_What to produce:_
With the line containing "actualidad 04.10.21 Solemne" as the final line, restate exactly every line of the data below from the first one onward, and copy no pictures.

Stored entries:
Content starts
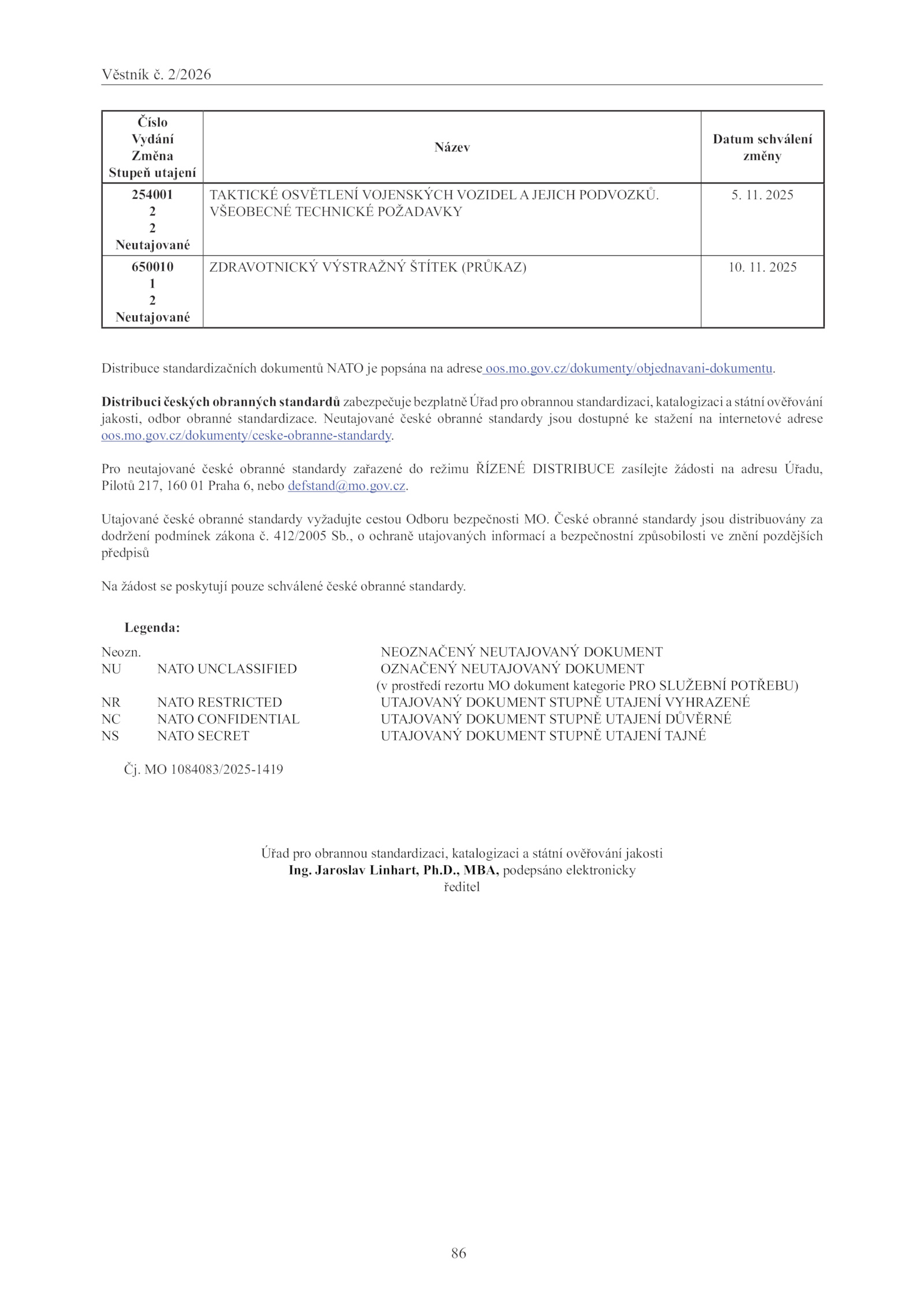 Distribuce standardizačních dokumentů NATO popsána adrese oos.mo. Jaroslav Linhart, Ph., MBA, podepsáno elektronicky
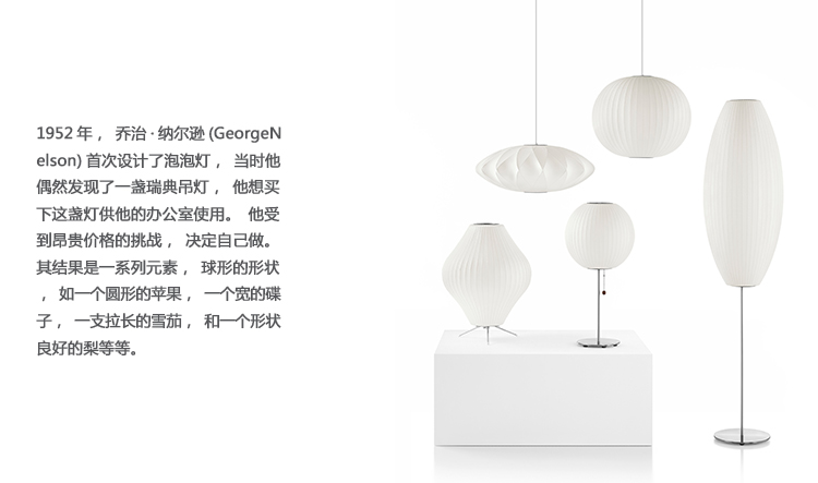 雪茄莲花落地灯将这个经典的乔治·尼尔森设计带到地板上。纳尔逊雪茄莲花落地灯具有细长的球形灯罩和稳定的钢制底座,为任何室内带来雕塑效果。它有三种尺寸,并配有一个9英尺的插件线。1952年,乔治·纳尔逊第一次设计泡泡灯时,他偶然发现了一盏瑞典吊灯,他想买这盏灯到他的办公室。他受到了昂贵的价格的挑战,决定自己做。结果形成了一系列基本的球形形状,比如圆形的苹果、宽碟子、细长的雪茄、以及形状优美的梨等。
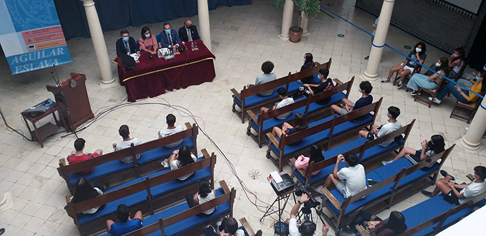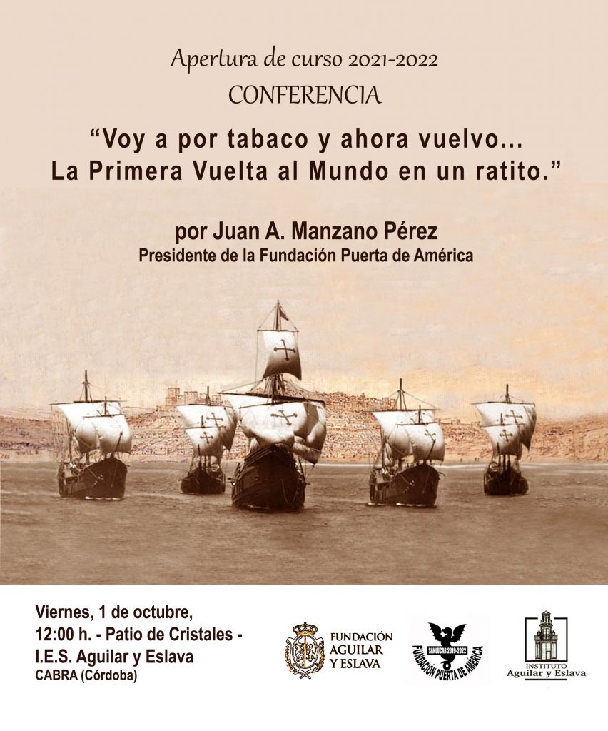 actualidad 04.10.21 Solemne apertura del curso académico 2021-2022 El curso 2021-2022 del I.E.S. Aguilar y Eslava, ha sido oficialmente inaugurado hoy a cargo del Presidente de la Fundación "Puerta de América" de Sanlúcar de Barrameda, Juan A. Manzano Pérez, quien ha ofrecido la conferencia "Voy a por tabaco y ahora vuelvo... La Primera Vuelta al Mundo en un ratito".
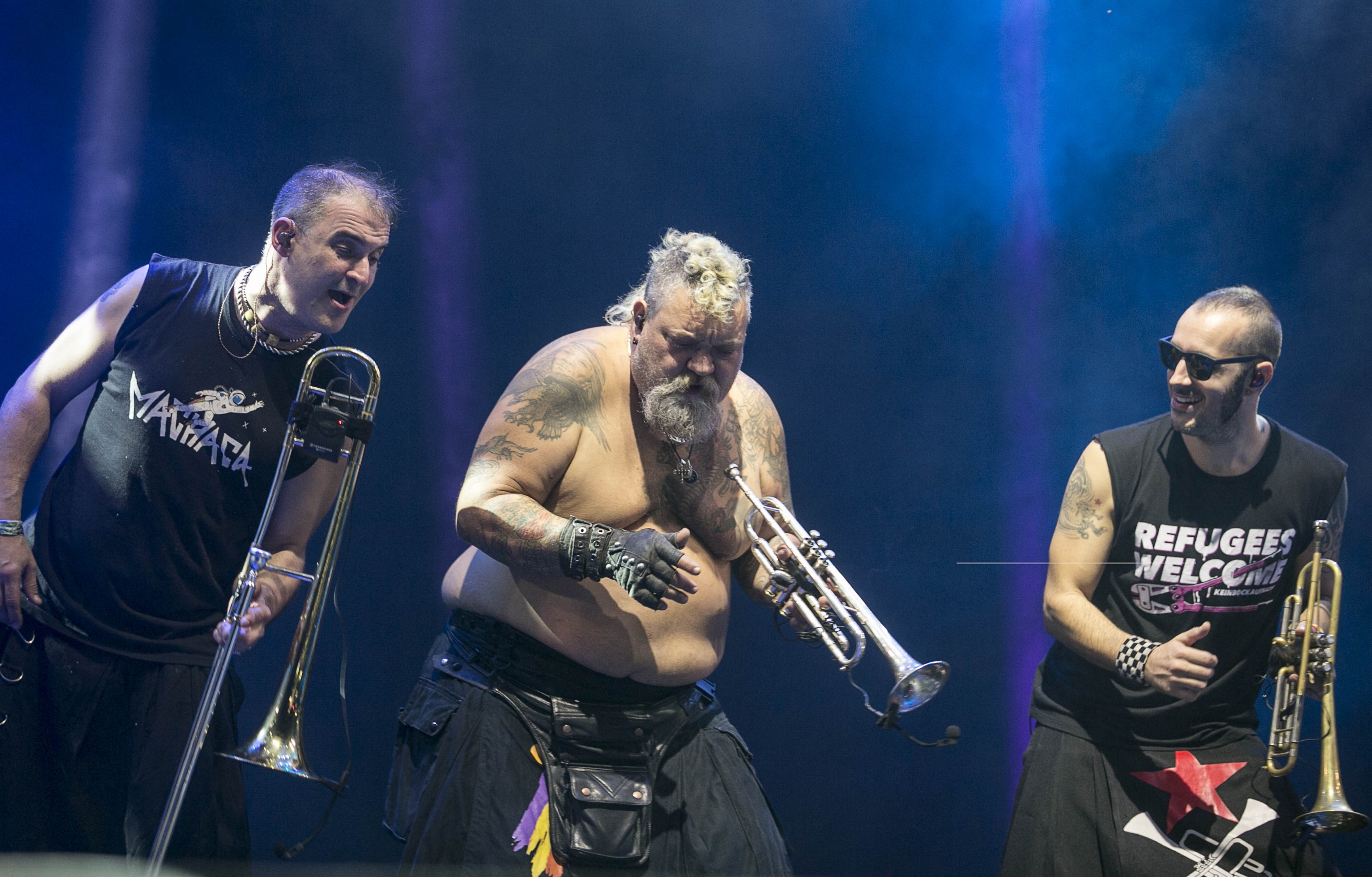 Los españoles acapararon toda la atención del respetable y lo hicieron contorsionarse con su propuesta de ska punk. “Gritaré que ardan las banderas por la fraternidad || que caiga el patriotismo y la hostilidad racial || Cultura Popular”, gritaba la multitud, para hacer coro a la canción Mestizaje, a la que siguió Jaque Al Rey -en la que apareció uno de los integrantes de la banda liderada por Pulpul (Roberto Gañán) vestido como un personaje perteneciente a la realeza; seguido de un torero, quien anunció así el turno a la crítica a la “fiesta brava” contenida en la canción Vergüenza.
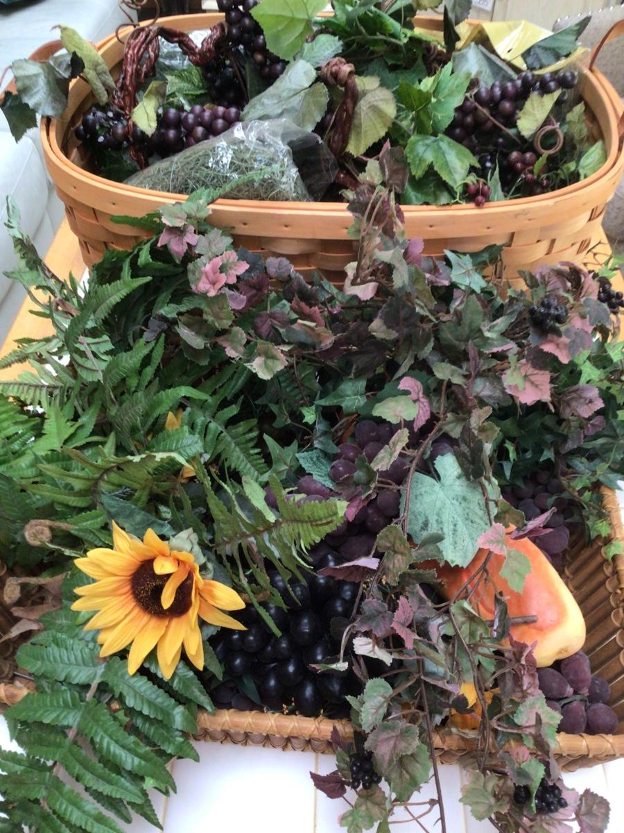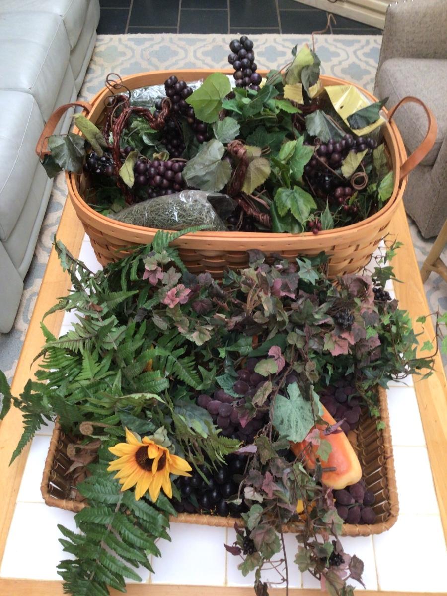 The garland’s are 5’ in length. There are 2 baskets of assorted greens.
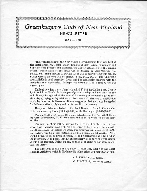 For conditions of use, see: Use of The Newsletter of the Golf Course Superintendents Association of New England, Inc. content.
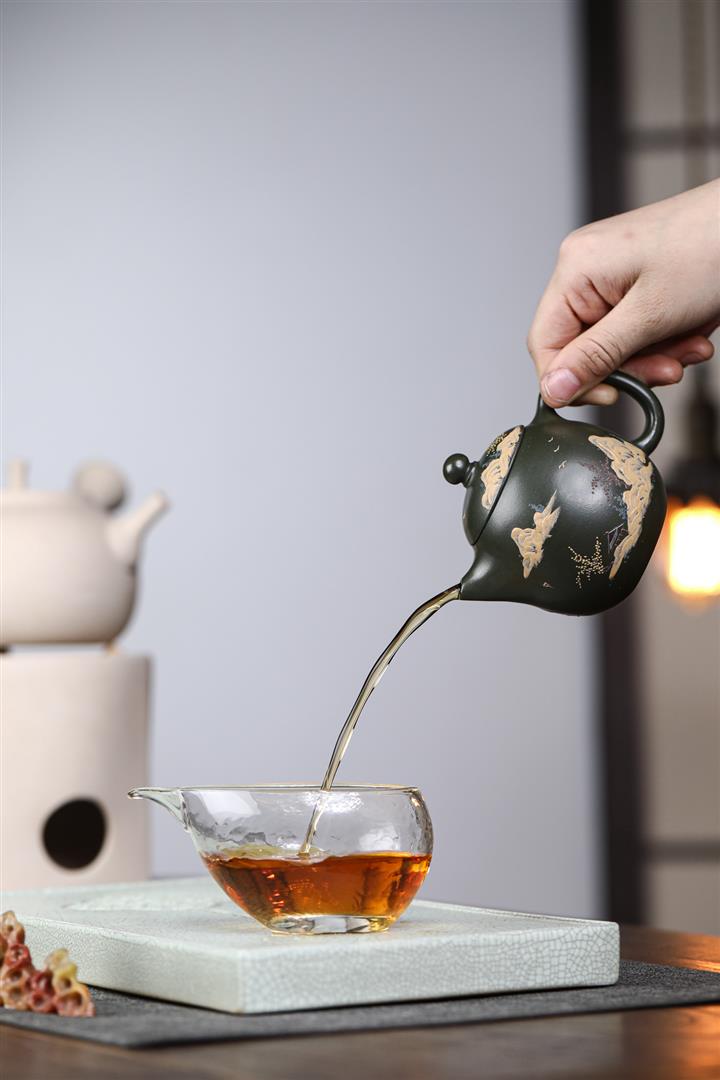 【作品介紹】此款壺形線條流暢,壺把,壺嘴,壺身壹氣呵成栩栩如生,是收藏把玩的好壺,泥料色澤古樸典雅,日久使用,漸露鋒芒,養成變化快,溫潤莊重,用其泡茶,使用的年代久,壺身就溫潤,泡出來的茶湯也就醇郁芳馨。
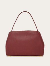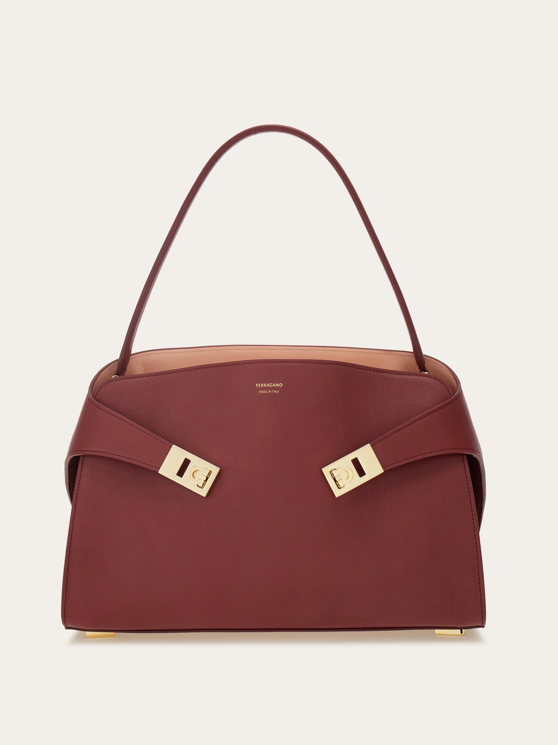 A harmonious blend of clean lines and distinctive accents define this take on the iconic Hug. The Soft Hug bag by Ferragamo, an intriguing silhouette cut from smooth calfskin with striking two tone details. Golden hardware confirms its high end status. Removable shoulder strap. - A) Height 10.0 IN B) Length 13.3 IN C) Width 6.1 IN - Composition: calfskin - Handle drop: 7.2 in/18,5 cm - Medium - Made in ITALY - Product code: 219816 783840
Content ends
_Response:_
 Distribuce standardizačních dokumentů NATO popsána adrese oos.mo. Jaroslav Linhart, Ph., MBA, podepsáno elektronicky
 雪茄莲花落地灯将这个经典的乔治·尼尔森设计带到地板上。纳尔逊雪茄莲花落地灯具有细长的球形灯罩和稳定的钢制底座,为任何室内带来雕塑效果。它有三种尺寸,并配有一个9英尺的插件线。1952年,乔治·纳尔逊第一次设计泡泡灯时,他偶然发现了一盏瑞典吊灯,他想买这盏灯到他的办公室。他受到了昂贵的价格的挑战,决定自己做。结果形成了一系列基本的球形形状,比如圆形的苹果、宽碟子、细长的雪茄、以及形状优美的梨等。
 actualidad 04.10.21 Solemne apertura del curso académico 2021-2022 El curso 2021-2022 del I.E.S. Aguilar y Eslava, ha sido oficialmente inaugurado hoy a cargo del Presidente de la Fundación "Puerta de América" de Sanlúcar de Barrameda, Juan A. Manzano Pérez, quien ha ofrecido la conferencia "Voy a por tabaco y ahora vuelvo... La Primera Vuelta al Mundo en un ratito".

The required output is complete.